Dear Weller,
As I stared blankly at the Word document on my screen, trying to figure out what to write this week, I grabbed you off of my bed and said, “Weller, help me." Then I looked at your patted-down fur and dirty bandana and realized that you sure have seen better days since I first picked you out at the science museum in the second grade. However, behind all of the dirtiness (maybe I should send you through the wash at least once a year) are 14 years of memories and love that only a stuffed yellow lab like yourself could hold.
You see, my dad always gets mad because I take you with me every time I go somewhere overnight. I can count on one hand the amount of nights that I have spent without you in the last year. Whenever we go on a family trip, I stuff you in my already packed carry-on, causing my bag to bust at the zippers. “Faith, you don’t need that; leave it at home,” my dad will tell me as I move stuff around in my bag. He’ll even threaten to get rid of you when I’m not looking. However, the truth is I do need you. I’ve cuddled with you in my sleep nearly every night since I was a kid and when I have you with me, I feel like I’m safe. If any nightmares try to creep up on me in the night, I know that you’ll fight them off for me.
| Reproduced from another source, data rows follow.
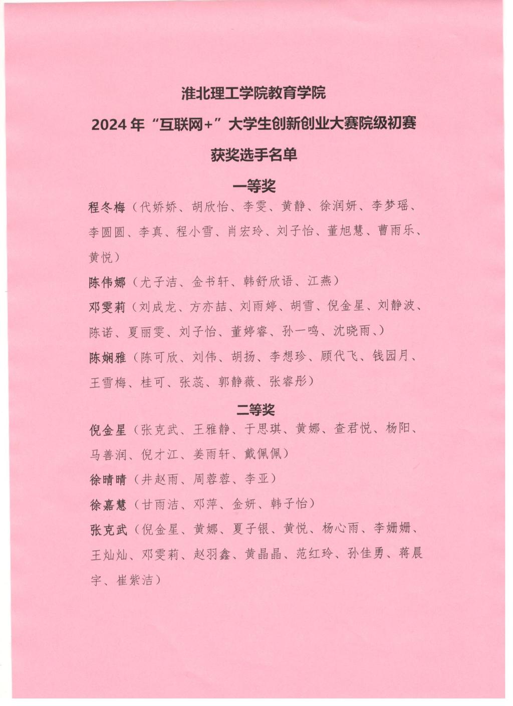 世界杯官网2024年“互联网+”大学生创新创业大赛院级初赛获奖选手名单
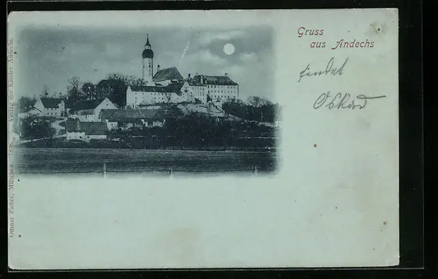 Mondschein-AK Andechs, Totalansicht mit Kirche
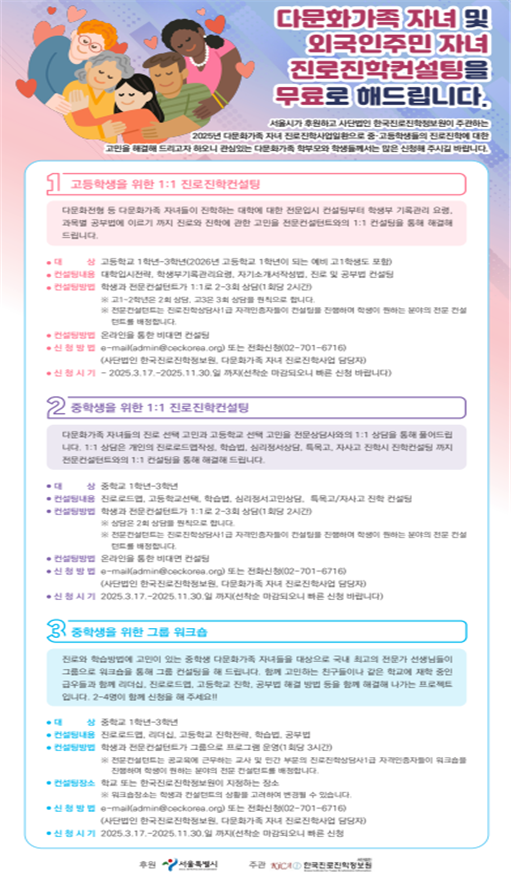 참여를 원하는 학생이나 학부모는 서울시 한울타리 누리집(https://www.mcfamily.or.kr), 서울외국인포털(https://global.seoul.go.kr)을 통해 신청 정보를 확인할 수 있으며, (사)한국진로진학정보원 이메일(admin@ceckorea.org) 또는 전화(02-701-6716)로도 신청이 가능하다.

I took you with me when I studied abroad in London. Leaving home for such a long time with no family or friends was a scary thing. To be honest, having you there was like having a bit of home with me and whenever I was feeling a little homesick, I would give you a hug and know that everything was OK. Everything in a foreign country was completely new to me. And while I had pictures on my iPhone to remind me of home when I felt scared, what really helped me get through the hard times was you. You were the only tangible thing that I had with me that was familiar and you were always there to make me feel safe.
You were always my partner in crime growing up, and I would treat you like a member of the family. Whenever mom said something that I didn’t like, I would point your snout downward towards her giving her your “angry face.” I was never allowed to have a real dog, so you held the place of a real dog in my heart. I felt like you were always a member of the family.
You came to college with me on my first day of freshman year. And while I was scared that people might make fun of the fact that I still sleep with my childhood stuffed animal every night, I quickly realized that there are lots of grown-up kids who need a little piece of childhood like you with them every now and then. I know that I’m not the only one who sobbed hysterically at the end of "Toy Story 3," and that’s because we all know how much love our childhood toys hold within them. We grew up with them, giving them all of our love, our secrets and our memories. They watch us grow up into adults and watch us make good decisions and bad ones. They know how to make us feel better at the end of a rough day, without really doing anything at all.
Now, you sit in a prominent place on my bed for everyone to see when they come in my room. You have your own throne (aka the baby pillow that I got when I was born) and whenever I have a big decision to make, I look at you. You help me remember the child within during hard times. You remind me what it is like to be youthful. You’re always there for me, never mad or disappointed, just always there to give me your love. Behind your marble eyes and patted down fur are 14 years of memories and love that I will always thank you for.